Devices for Measuring Eye Pressure (Tonometers)
The primary device used to check eye pressure is the Goldmann applanation tonometer (GAT), which is considered the gold standard for measuring intraocular pressure (IOP). 1
Types of Tonometers
Contact Tonometers
Goldmann Applanation Tonometer (GAT)
- Mounted to a slit lamp
- Requires topical anesthesia
- Measures IOP by flattening a small area of the central cornea
- Considered the gold standard for IOP measurement
- Identifies the "just-touching" inside edges of semicircular mires viewed through the prism tip
Dynamic Contour Tonometer (Pascal technique)
- Uses a piezoresistive sensor embedded in the tonometer tip
- Samples IOP 100 times per second
- Concave tip shape minimizes influence of corneal properties
- Requires topical anesthesia
- Mounted to the slit lamp
- Calculates IOP independent of corneal properties
Rebound Tonometer (iCare)
- Uses an induction coil to magnetize a small plastic-tipped metal probe
- Rapidly fires probe against cornea (0.25 m/sec)
- Analyzes deceleration rate and contact time
- Does not require topical anesthesia
- Requires six measurements for accuracy
Mackay-Marg Tonometer
- Handheld, battery-powered device
- Combines applanation and indentation mechanisms
- Has a small applanating plunger
- Requires topical anesthesia
- Multiple readings are averaged
Non-Contact Tonometers
Air-Puff Tonometer (Non-Contact Tonometer)
Ocular Response Analyzer
- Uses bidirectional applanation process with air pulse
- Measures biomechanical properties of cornea (hysteresis)

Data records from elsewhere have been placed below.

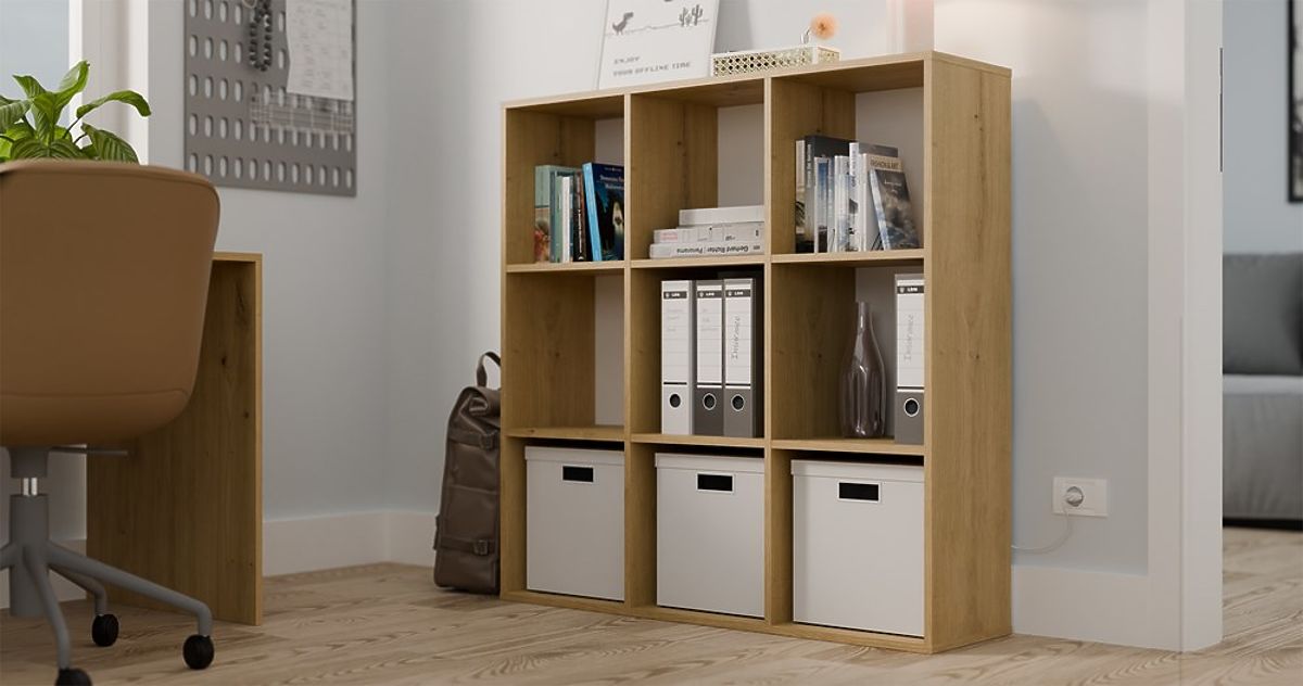 Raft modern MALAX 3x3 H cu 9 compartimente și panou spate solid. .. mai mult
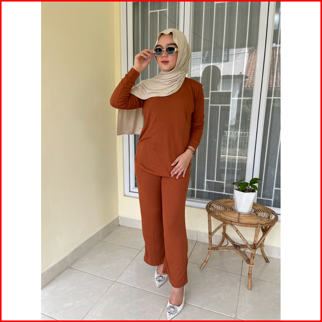 Set Knit Rahfika Premium Rubber Ban Set Knit Set Wanita Setelan Celana Wanita Setelan Wanita One Set Pakaian Wanita
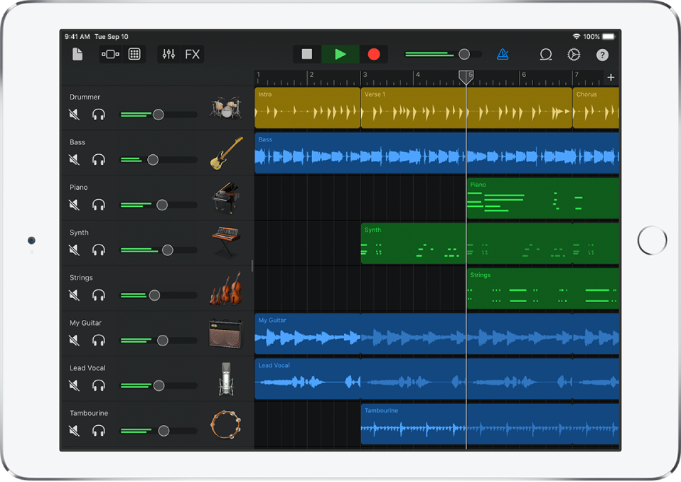يمكنك الاختيار من بين المئات من ملفات Apple Loops لإضافتها إلى أغنيتك وإضافة طبال يعزف أثناء الموسيقى المسجلة وخلط الأغنية بالمكوّنات الإضافية للتأثيرات.
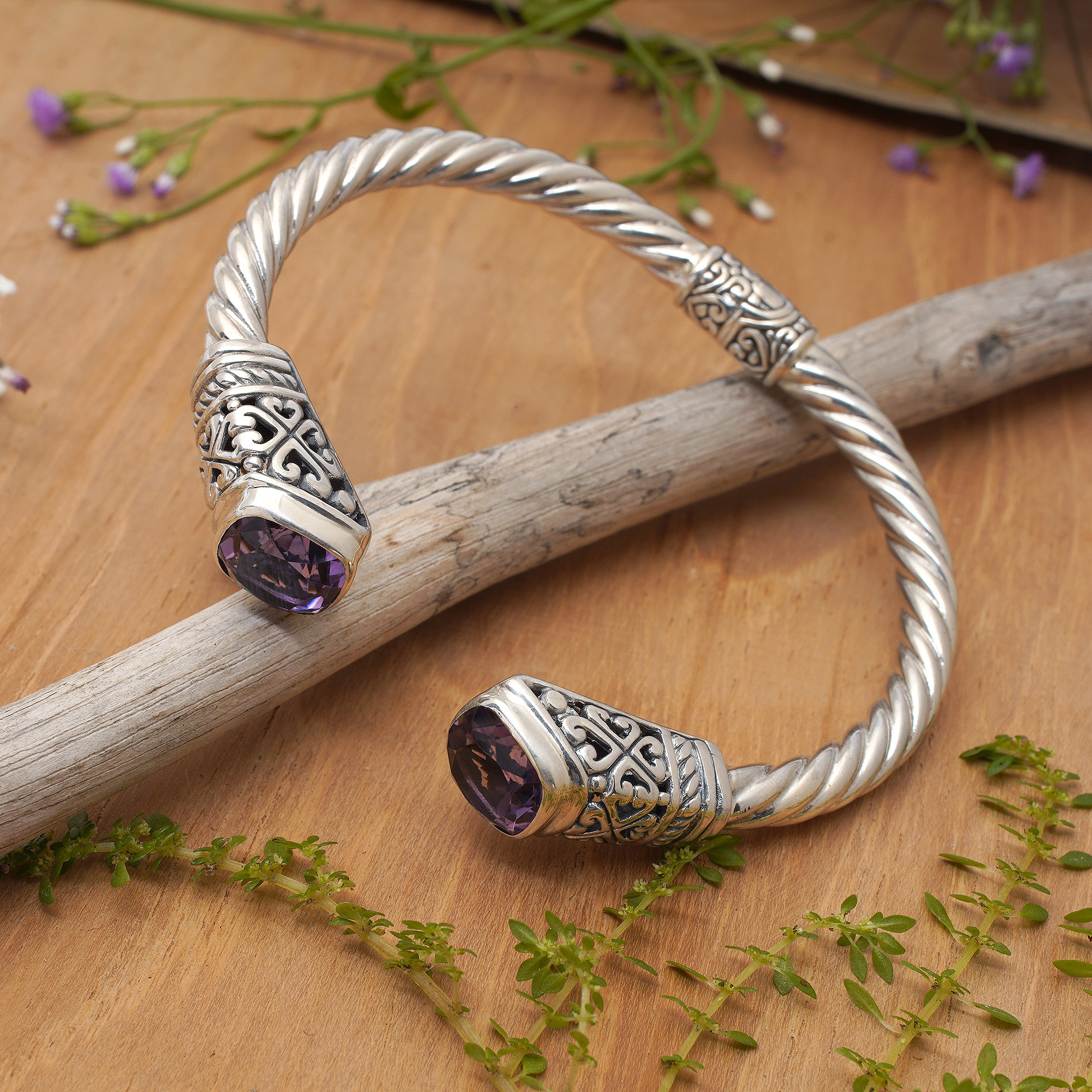 Amethyst and 925 Silver Rope Design Cuff Bracelet from Bali, 'Altar Swirl'
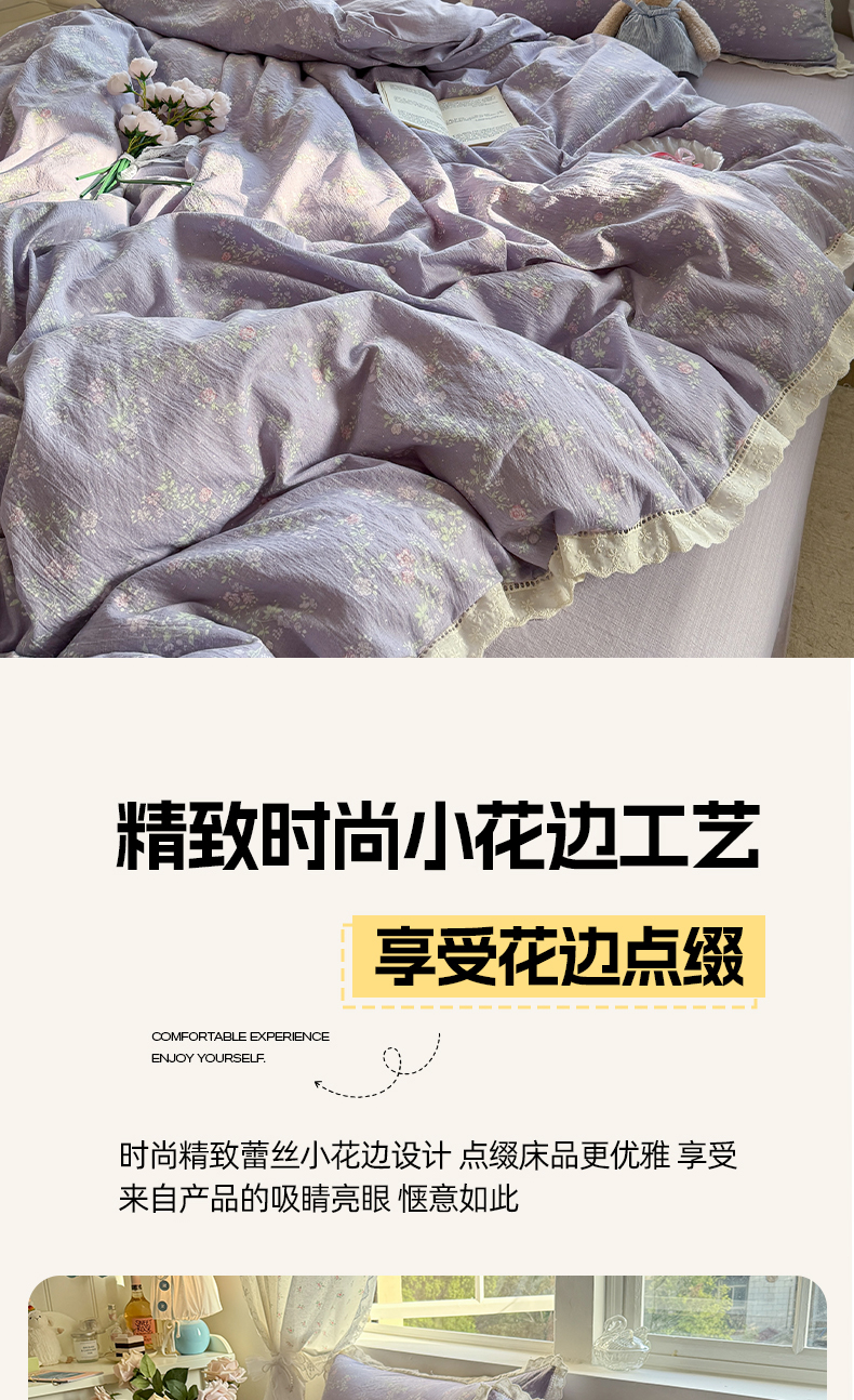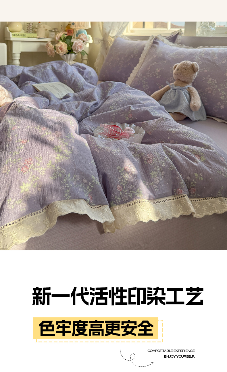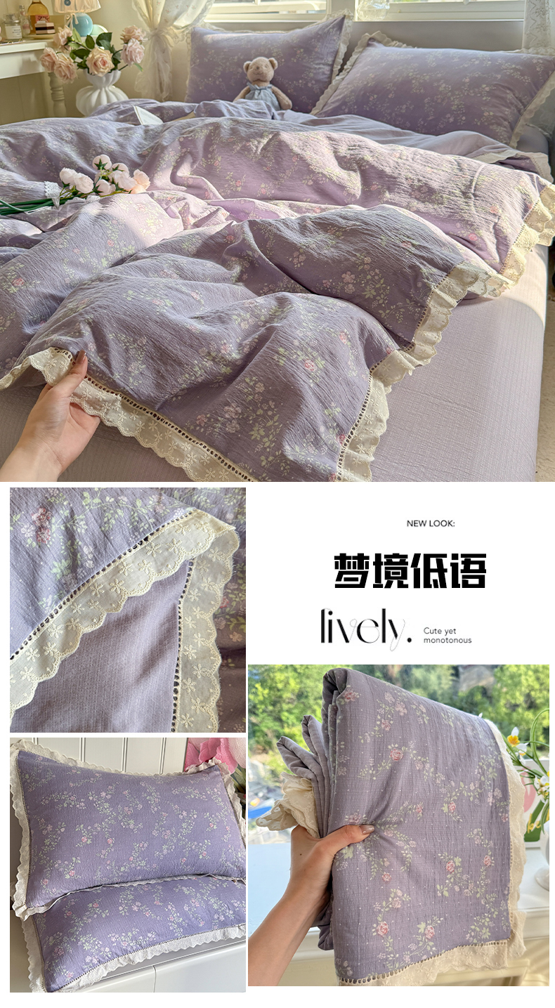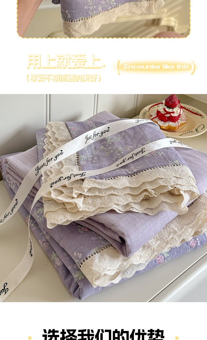 (总)Mata蔓塔家 2025新款云感双层纱全棉镂空花边四件套,草莓心愿,狗狗伙伴,桔梗语,咖啡豆,蓝风铃,落樱小屋,梦境低语,梦疏花影,青花瓷,肉桂,山楂西高地,颂歌,田园诗,兔子琴曲,夏岛,小彩糖,紫蝴蝶
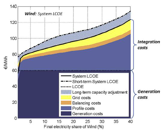 Stoupání nákladů na integraci větrných zdrojů s jejich rostoucím podílem v energetickém mixu
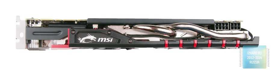 Несмотря на массивную систему охлаждения, видеокарта MSI GeForce GTX 970 Gaming 4G при установке в корпус системного блока занимает всего два слота. Во многом это заслуга новой системы охлаждения, в которой производитель сделал несколько малозаметных, но важных инженерных решения. В первую очередь кожух системы охлаждения MSI GeForce GTX 970 Gaming 4G несколько утоплен за металлическую заднюю планку разъемов, и во вторую очередь здесь применены низкопрофильные вентиляторы с диаметром крыльчатки 100 мм. Эти, казалось бы, маловажные решения позволили сделать MSI GeForce GTX 970 Gaming 4G более компактной по толщине, что может дать возможность устанавливать две таких видеокарты в соседние PCI-E x16 слоты расширения.
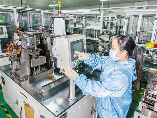 长兴县浙江努奥罗新能源科技有限公司车间,正在生产铁锂动力电池。“努奥罗”积极投入新产品研发,转型升级显效益。 县委报道组 谭云俸 张泽民 摄
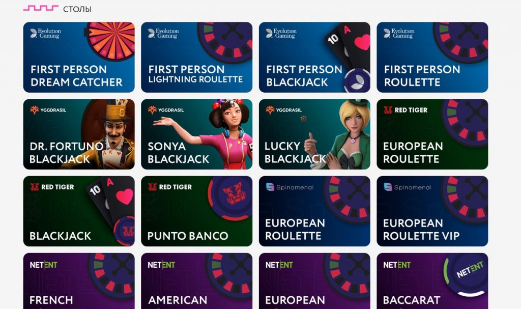 - Столы – много разновидностей рулетки, покера, блэкджека и баккары.
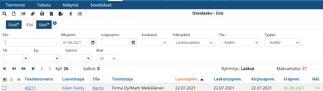 Kaikkien pakollisten tietojen tulee olla syötettynä ennen kuin ostolasku voidaan siirtää kiertoon.

- Calculates "corneal-compensated" and GAT-equivalent IOP
- Does not require topical anesthesia
- Also measures ocular pulse amplitude
Clinical Considerations
Accuracy and Reliability
- GAT remains the most reliable method for measuring IOP 2
- Non-contact tonometers typically measure IOP higher than GAT, especially at higher pressure readings 2, 4
- Central corneal thickness (CCT) affects all tonometry readings, with non-contact tonometry being most affected 4, 3
Special Circumstances
- In diseased or post-surgical corneas, GAT may be very inaccurate due to:
- Alterations in corneal thickness
- Changes in hydration state
- Corneal curvature/astigmatism
- Irregular corneal epithelial surface
- Corneal stromal scarring 1
Clinical Practice
- For routine screening, non-contact tonometers are suitable 4
- For accurate diagnosis and management of glaucoma, GAT is preferred 2, 3
- For patients with corneal abnormalities, alternative techniques should be used 1
- Consistency in using the same device for follow-up measurements is important for detecting meaningful IOP changes 1
Common Pitfalls
- Relying solely on non-contact tonometry for definitive diagnosis can lead to unnecessary referrals, particularly in patients with thicker corneas 3
- Not accounting for the effect of central corneal thickness on IOP measurements
- Using different tonometers for follow-up measurements, making trend analysis difficult
- Not recognizing the limitations of GAT in diseased corneas
When selecting a tonometer for clinical use, consider the specific patient population, the need for accuracy versus convenience, and the presence of any corneal abnormalities that might affect measurements.